Problems and Discussion of the Inverse Laplace Transform - 1

Finding \( h(t) \) from Transfer Function \( H(s) \)

Find \( h(t) \) from \( H(s) = \frac{s^2}{s^3 + 4s^2 + 4s} \)

Discussion:

We need to perform the inverse Laplace transform. Here are the steps to follow to obtain \( h(t) \) from the transfer function \( H(s) \):

Step 1: Factorize the denominator of \( H(s) \)

\[ H(s) = \frac{s^2}{s^3 + 4s^2 + 4s} = \frac{s^2}{s(s^2 + 4s + 4)} = \frac{s^2}{s(s + 2)^2} \]

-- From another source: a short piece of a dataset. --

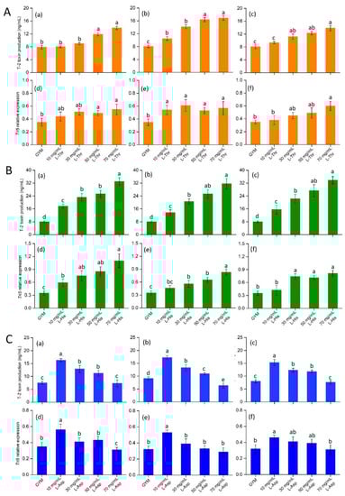 Effects of L-Threonine (L-Thr) (A), L-Histidine (L-His) (B) and L-Aspartic acid (L-Asp) (C) on T-2 toxin production and Tri5 expression of different strains (n = 3), cultured at 28 °C for 14 d. The control was cultured in GYM medium. (a)–(c): T-2 toxin production of wild-type Fo17, ΔFoTap42 and ΔFoTap42-C; (d)–(f): Tri5 expression of wild-type Fo17, ΔFoTap42 and ΔFoTap42-C. Different letters “a–d” in the same plot indicate significant differences (p < 0.05).

Step 2: Convert the fraction into a simpler partial fraction form for easier inversion

\[ H(s) = \frac{s^2}{s(s + 2)^2} = \frac{A}{s} + \frac{B}{s + 2} + \frac{C}{(s + 2)^2} \]

\[ s^2 = A(s + 2)^2 + Bs(s + 2) + Cs \]

\[ s^2 = A s^2 + 4A s + 4A + B s^2 + 2B s + C s \]

\[ s^2 = (A + B) s^2 + (4A + 2B + C) s + 4A \]

Step 3: Determine the Coefficients

\[ s^2 = (A + B) s^2 + (4A + 2B + C) s + 4A \]

By comparing coefficients, we get:

  • \(1 = A + B\)
  • \(0 = 4A + 2B + C\)
  • \(0 = 4A \Rightarrow A = 0\)

From \(1 = A + B\), we get \(1 = 0 + B \Rightarrow B = 1\)

From \(0 = 4A + 2B + C\), we get \(0 = 0 + 2 \cdot 1 + C \Rightarrow 0 = 2 + C \Rightarrow C = -2\)

Step 4: Partial Fractions

Substitute \(A = 0\), \(B = 1\), and \(C = -2\) into \( H(s) \):

\[ H(s) = \frac{s^2}{s(s + 2)^2} = \frac{0}{s} + \frac{1}{s + 2} + \frac{-2}{(s + 2)^2} \]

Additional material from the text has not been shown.